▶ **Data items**
**********

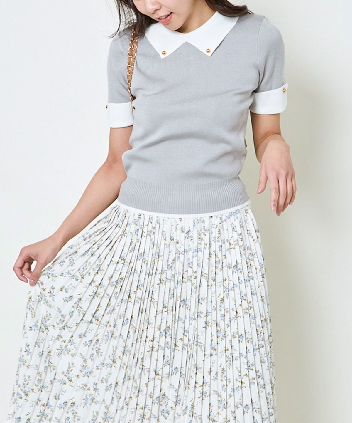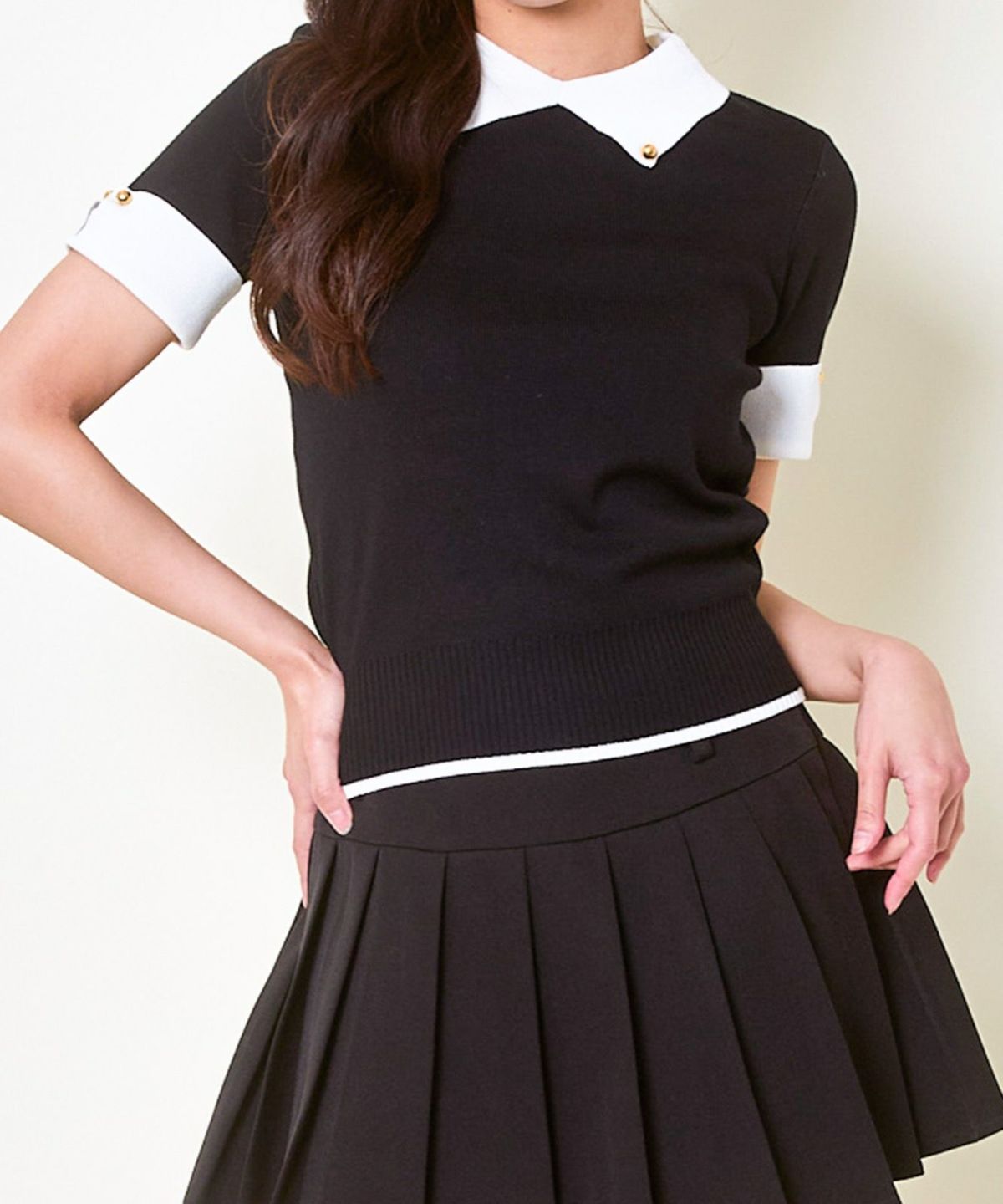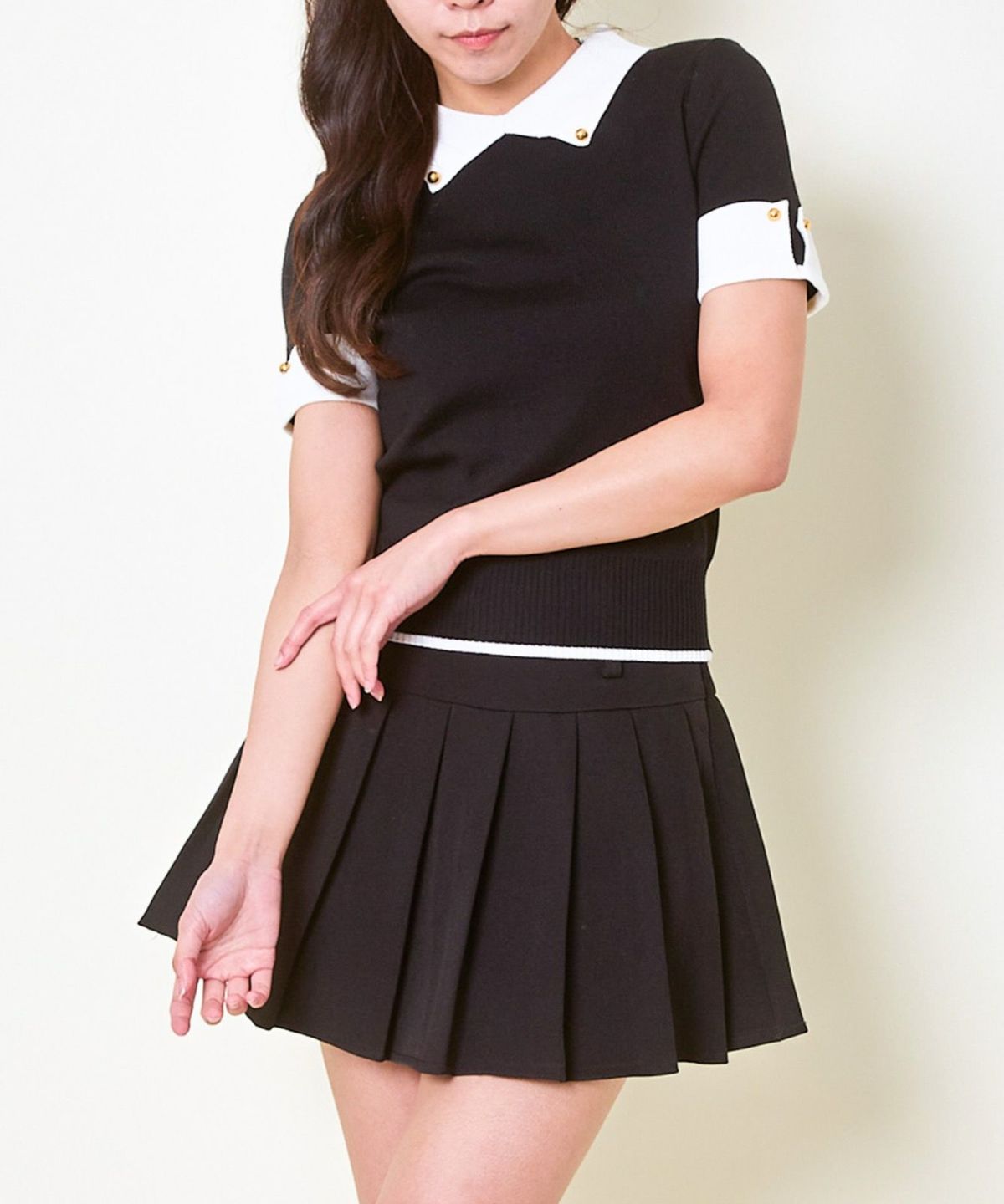 《2点セットで着映え》レディース 金ボタンニット×プリーツスカートSETUP 春夏秋
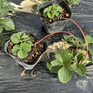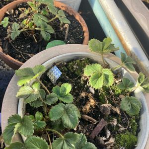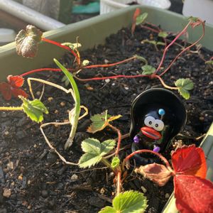 イチゴ🍓のランナー苗 プランターに定植しました こんな寒い日にすること?? と自分にツッコミを入れたくなるほどの真冬日ですが🤣 屋内で作業しました 1 菜園に植えた苗から伸びたランナーを見つけた👀 培養土を入れたポットに固定 11/23に投稿した内容です 2 寒いので苗は大きくならないけど、発根を確認したので親株から切り離し 3 プランターに3ポット ランナーの方向を揃えて植えます そうすると実の向きが揃うはず 4 ビニールで保温、通気穴を開けて蒸れないように イチゴは寒さには結構強いので 真冬だけど強行しました しばらくは玄関先で養生させます 寒波が去ったら南側軒下に置く予定です これから春までにしっかり根を張ってくれますように❣️
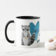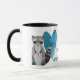 Um guaxinim adorável segura uma xícara de café com um coração azul atrás dele. A imagem está em dois lados da caneca, com o texto entre as imagens que diz "COFFEE é o meu ANIMAL ESPIRITUOSO". Bonita!
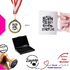 Kişiye Özel Born To Be Reading Seti - Ahşap Mühür, Madalya ve Kupa Bardak B Serisi |
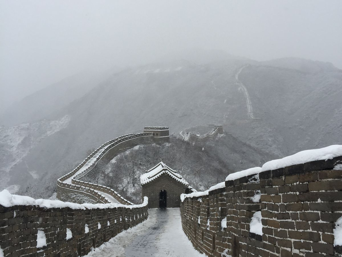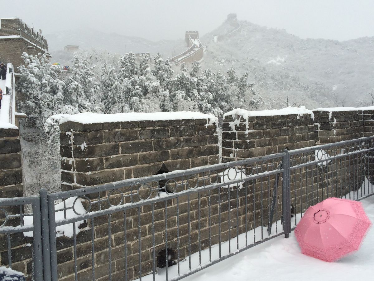 今回は、長城、明の十三陵、頤和園の3か所を周るコースでしたが、朝から雪で不吉な予感。
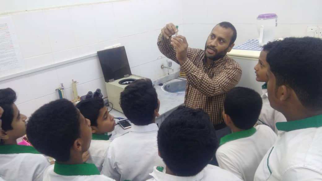 | | |  زار طلاب المستوى السابع بفرعي الديس والضيافه قسم العظام بمستشفى ابن سيناء العام حيث كان في استقبالهم مسؤول القسم الدكتور سالم باربيدي والذي أطلعهم على حالات المرضى وأشعة الكسور الخاصة بهم كما ألقى لهم كلمة توجيهية نبه فيها الطلاب من التهور بالسيارات أو الدراجات النارية وعواقبها الوخيمة والتي تؤدي الى الحوادث لا قدر الله وفي أثناء الكلمة تطرق بعض الطلاب لطرح بعض الأسئلة والإجابة عنها من قبل الدكتور سالم ومن جانبه ألقى الطالب عبدالرحيم بامشموس كلمة شكر فيها إدارة المستشفى وكذلك مسؤولي القسم وجميع الأطباء والممرضين وتم تسليم مسؤول القسم شهادة شكر وتقدير مقدمة من إدارة المدرسة لإدارة المستشفى وفي نفس السياق زار طلاب المستوى الأول ثانوي مختبرات الصحة المركزية والذي كان في استقبالهم الدكتور مهدي بازنبور مسؤول القسم والذي أطلعهم على أنواع الفحوصات المخبرية وكيفية التعامل معها وقد عبر الطلاب عن سعادتهم وارتياحهم الشديدين لدكاترة القسم لإطلاعهم على مثل هذه المعلومات المفيدة شاكرين إدارة المستشفى إتاحة لهم الفرصة لزيارة المختبرات ونجاح الزيارة وقد قدمت شهادة شكر وتقدير من إدارة المدرسة لإدارة مختبرات الصحة المركزية تسلمها الدكتور وليد البطاطي.
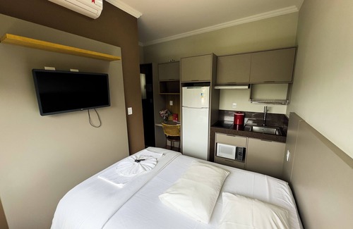 GeneralNumber of living rooms 0, Cookware, dishware, and utensils, Kitchen, Number of bedrooms - 0, Stovetop, Refrigerator, Bed count minimum 1, Bed count maximum 1, City view |
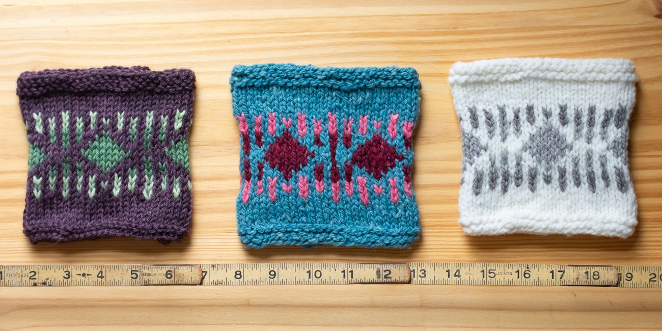 Your swatch needs to be knitted with the same needles, the same yarn, and in the same way as your final project. The Amplitude Pullover is knitted in the round, so all of my swatches were in the round. I used bamboo needles for my swatches, so those are the needles I’ll need to use for the sweater—especially if I’m making any adjustments based on my gauge swatch.
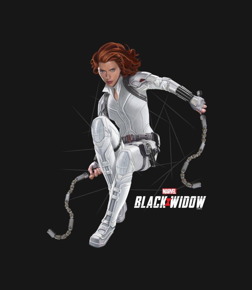 Black Widow – Featuring Scarlett Johansson as Black Widow – Black Widow in her white outfit holding batons in both hands. PNG Free Download
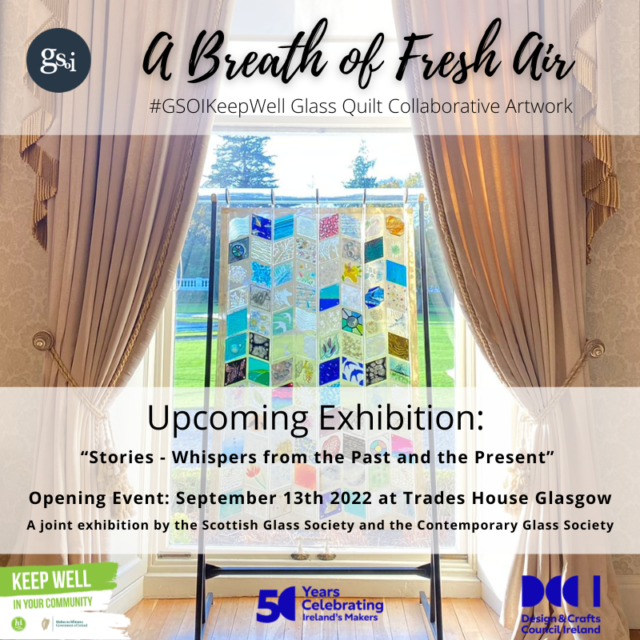 Our KeepWell Glass Quilt is traveling to Glasgow to join the exhibition ‘Stories – Whispers from the Past and the Present’, hosted by the Scottish Glass Society and the Contemporary…
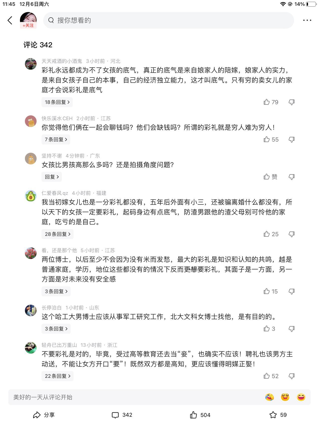 不要彩礼!霸屏了! 一个北大女博士,一个哈工大男博士,结婚,不要一分钱彩礼。 要不要彩礼,不要彩礼只是人家不需要父母的再次托举了!两个博士,还愁没工作吗?两个人一个月往少说四万吧!吃啥喝啥都够了!这辈子不用为钱发愁了。 他的彩礼,是一个从小到大优秀的自己。她的嫁妆是一个一路开挂上北大的自己。这后面,是来自双方父母足够优秀的基因。是一切的底气。这辈子,他们的日子是没什么需要犯愁的。但人怎么可以过的这么没有忧愁烦恼。哎,赐他们一个只能上末流985的孩子吧!不然他们整天太开心了!
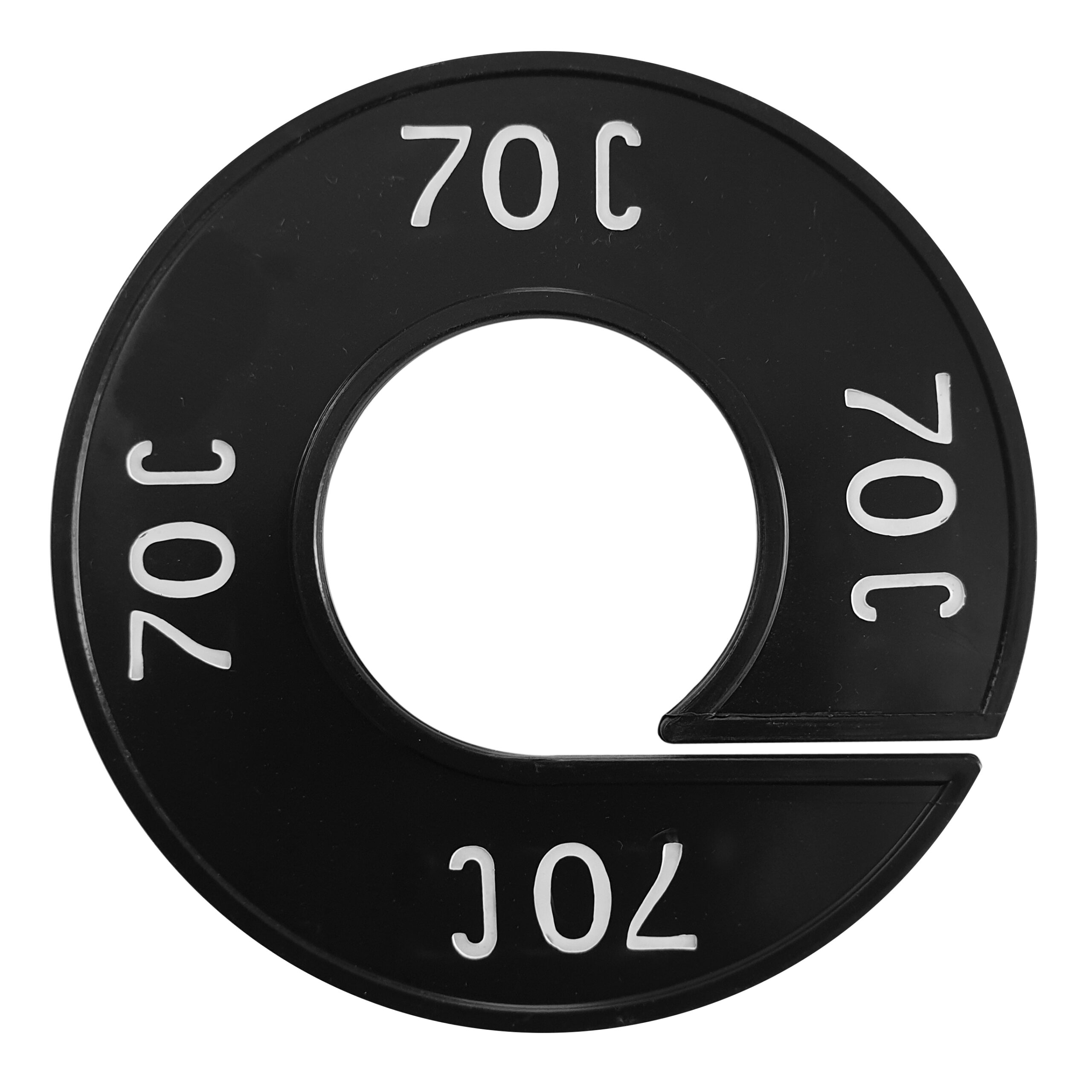 Geschikt om aan een kledingrek te bevestigen en zo de maat van de kledingstukken te presenteren.
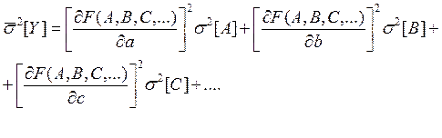 Если при определении действительных значений аргументов A, В, С,... систематические погрешности были исключены, то М [DA] = М [DB] = М [DC] =... = 0. В этом случае М [Y] = Yи и, следовательно, значение Y=F (А, В, С,...) можно принять за оценку действительного значения косвенно измеряемой величины. Что касается дисперсии полученного результата Y, то вычислить ее непосредственно по выражению (14-22) нельзя, так как для расчета значений частных производных требуется знание истинных значений аргументов. Вместо истинных значений аргументов известны их оценки A, В, С,.... Поэтому вместо значений
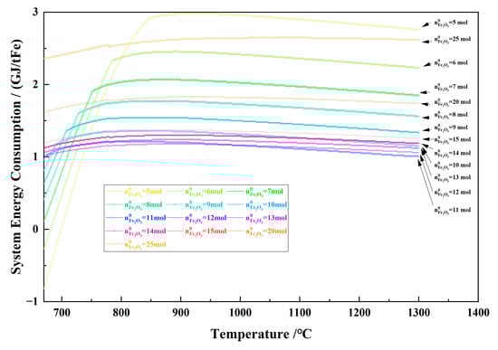 Figure 27 shows the relationship between the temperature and system energy consumption per ton of metallic Fe in the 1 kg of pine sawdust and iron oxide reduction system at 670–1300 °C and 101,325 Pa. With the temperature increasing, the system energy consumption per ton of metallic Fe increased quickly and decreased slowly as the initial Fe2O3 amount was 5–10 mol, and changed slowly as the initial Fe2O3 amount was 11–25 mol. When the temperature was 800 °C, the minimum system energy consumption per ton of metallic Fe was 1.16 GJ/tFe, and the Fe2O3 initial amount was 12 mol with the metallic Fe amount 22.70 mol. When the temperature was 900 °C, the minimum system energy consumption per ton of metallic Fe was 1.18 GJ/tFe, and the Fe2O3 initial amount was 12 mol with the metallic Fe amount 22.27 mol.
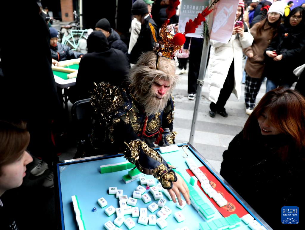 今年,倫敦卡姆登集市首次舉辦了中國(guó)春節(jié)慶典活動(dòng)。喜慶的春節(jié)燈飾高高懸掛,在微風(fēng)中輕輕搖曳;空氣中彌漫著中式點(diǎn)心的香氣,令人垂涎欲滴。人群中,偶爾可見(jiàn)漢服衣袂翩然掠過(guò),許多人手中還拿著紅色的燈籠和“福”字。在慶典活動(dòng)上,當(dāng)?shù)厥忻裾淠荨っ谞栁值乱贿吅爸芭觥?,一邊開(kāi)心地將麻將桌上的“南風(fēng)”牌收到面前。她不僅自己打得得心應(yīng)手,還不時(shí)給身邊的新手講解規(guī)則。

**********

▶ **YOUR TASK**
Each record should appear again exactly as it stands, with no picture included.

▶ **ANSWER TO THIS PROBLEM**
 《2点セットで着映え》レディース 金ボタンニット×プリーツスカートSETUP 春夏秋
 イチゴ🍓のランナー苗 プランターに定植しました こんな寒い日にすること?? と自分にツッコミを入れたくなるほどの真冬日ですが🤣 屋内で作業しました 1 菜園に植えた苗から伸びたランナーを見つけた👀 培養土を入れたポットに固定 11/23に投稿した内容です 2 寒いので苗は大きくならないけど、発根を確認したので親株から切り離し 3 プランターに3ポット ランナーの方向を揃えて植えます そうすると実の向きが揃うはず 4 ビニールで保温、通気穴を開けて蒸れないように イチゴは寒さには結構強いので 真冬だけど強行しました しばらくは玄関先で養生させます 寒波が去ったら南側軒下に置く予定です これから春までにしっかり根を張ってくれますように❣️
 Um guaxinim adorável segura uma xícara de café com um coração azul atrás dele. A imagem está em dois lados da caneca, com o texto entre as imagens que diz "COFFEE é o meu ANIMAL ESPIRITUOSO". Bonita!
 Kişiye Özel Born To Be Reading Seti - Ahşap Mühür, Madalya ve Kupa Bardak B Serisi |
 今回は、長城、明の十三陵、頤和園の3か所を周るコースでしたが、朝から雪で不吉な予感。
 | | |  زار طلاب المستوى السابع بفرعي الديس والضيافه قسم العظام بمستشفى ابن سيناء العام حيث كان في استقبالهم مسؤول القسم الدكتور سالم باربيدي والذي أطلعهم على حالات المرضى وأشعة الكسور الخاصة بهم كما ألقى لهم كلمة توجيهية نبه فيها الطلاب من التهور بالسيارات أو الدراجات النارية وعواقبها الوخيمة والتي تؤدي الى الحوادث لا قدر الله وفي أثناء الكلمة تطرق بعض الطلاب لطرح بعض الأسئلة والإجابة عنها من قبل الدكتور سالم ومن جانبه ألقى الطالب عبدالرحيم بامشموس كلمة شكر فيها إدارة المستشفى وكذلك مسؤولي القسم وجميع الأطباء والممرضين وتم تسليم مسؤول القسم شهادة شكر وتقدير مقدمة من إدارة المدرسة لإدارة المستشفى وفي نفس السياق زار طلاب المستوى الأول ثانوي مختبرات الصحة المركزية والذي كان في استقبالهم الدكتور مهدي بازنبور مسؤول القسم والذي أطلعهم على أنواع الفحوصات المخبرية وكيفية التعامل معها وقد عبر الطلاب عن سعادتهم وارتياحهم الشديدين لدكاترة القسم لإطلاعهم على مثل هذه المعلومات المفيدة شاكرين إدارة المستشفى إتاحة لهم الفرصة لزيارة المختبرات ونجاح الزيارة وقد قدمت شهادة شكر وتقدير من إدارة المدرسة لإدارة مختبرات الصحة المركزية تسلمها الدكتور وليد البطاطي.
 GeneralNumber of living rooms 0, Cookware, dishware, and utensils, Kitchen, Number of bedrooms - 0, Stovetop, Refrigerator, Bed count minimum 1, Bed count maximum 1, City view |
 Your swatch needs to be knitted with the same needles, the same yarn, and in the same way as your final project. The Amplitude Pullover is knitted in the round, so all of my swatches were in the round. I used bamboo needles for my swatches, so those are the needles I’ll need to use for the sweater—especially if I’m making any adjustments based on my gauge swatch.
 Black Widow – Featuring Scarlett Johansson as Black Widow – Black Widow in her white outfit holding batons in both hands. PNG Free Download
 Our KeepWell Glass Quilt is traveling to Glasgow to join the exhibition ‘Stories – Whispers from the Past and the Present’, hosted by the Scottish Glass Society and the Contemporary…
 不要彩礼!霸屏了! 一个北大女博士,一个哈工大男博士,结婚,不要一分钱彩礼。 要不要彩礼,不要彩礼只是人家不需要父母的再次托举了!两个博士,还愁没工作吗?两个人一个月往少说四万吧!吃啥喝啥都够了!这辈子不用为钱发愁了。 他的彩礼,是一个从小到大优秀的自己。她的嫁妆是一个一路开挂上北大的自己。这后面,是来自双方父母足够优秀的基因。是一切的底气。这辈子,他们的日子是没什么需要犯愁的。但人怎么可以过的这么没有忧愁烦恼。哎,赐他们一个只能上末流985的孩子吧!不然他们整天太开心了!
 Geschikt om aan een kledingrek te bevestigen en zo de maat van de kledingstukken te presenteren.
 Если при определении действительных значений аргументов A, В, С,... систематические погрешности были исключены, то М [DA] = М [DB] = М [DC] =... = 0. В этом случае М [Y] = Yи и, следовательно, значение Y=F (А, В, С,...) можно принять за оценку действительного значения косвенно измеряемой величины. Что касается дисперсии полученного результата Y, то вычислить ее непосредственно по выражению (14-22) нельзя, так как для расчета значений частных производных требуется знание истинных значений аргументов. Вместо истинных значений аргументов известны их оценки A, В, С,.... Поэтому вместо значений
 Figure 27 shows the relationship between the temperature and system energy consumption per ton of metallic Fe in the 1 kg of pine sawdust and iron oxide reduction system at 670–1300 °C and 101,325 Pa. With the temperature increasing, the system energy consumption per ton of metallic Fe increased quickly and decreased slowly as the initial Fe2O3 amount was 5–10 mol, and changed slowly as the initial Fe2O3 amount was 11–25 mol. When the temperature was 800 °C, the minimum system energy consumption per ton of metallic Fe was 1.16 GJ/tFe, and the Fe2O3 initial amount was 12 mol with the metallic Fe amount 22.70 mol. When the temperature was 900 °C, the minimum system energy consumption per ton of metallic Fe was 1.18 GJ/tFe, and the Fe2O3 initial amount was 12 mol with the metallic Fe amount 22.27 mol.
 今年,倫敦卡姆登集市首次舉辦了中國(guó)春節(jié)慶典活動(dòng)。喜慶的春節(jié)燈飾高高懸掛,在微風(fēng)中輕輕搖曳;空氣中彌漫著中式點(diǎn)心的香氣,令人垂涎欲滴。人群中,偶爾可見(jiàn)漢服衣袂翩然掠過(guò),許多人手中還拿著紅色的燈籠和“福”字。在慶典活動(dòng)上,當(dāng)?shù)厥忻裾淠荨っ谞栁值乱贿吅爸芭觥?,一邊開(kāi)心地將麻將桌上的“南風(fēng)”牌收到面前。她不僅自己打得得心應(yīng)手,還不時(shí)給身邊的新手講解規(guī)則。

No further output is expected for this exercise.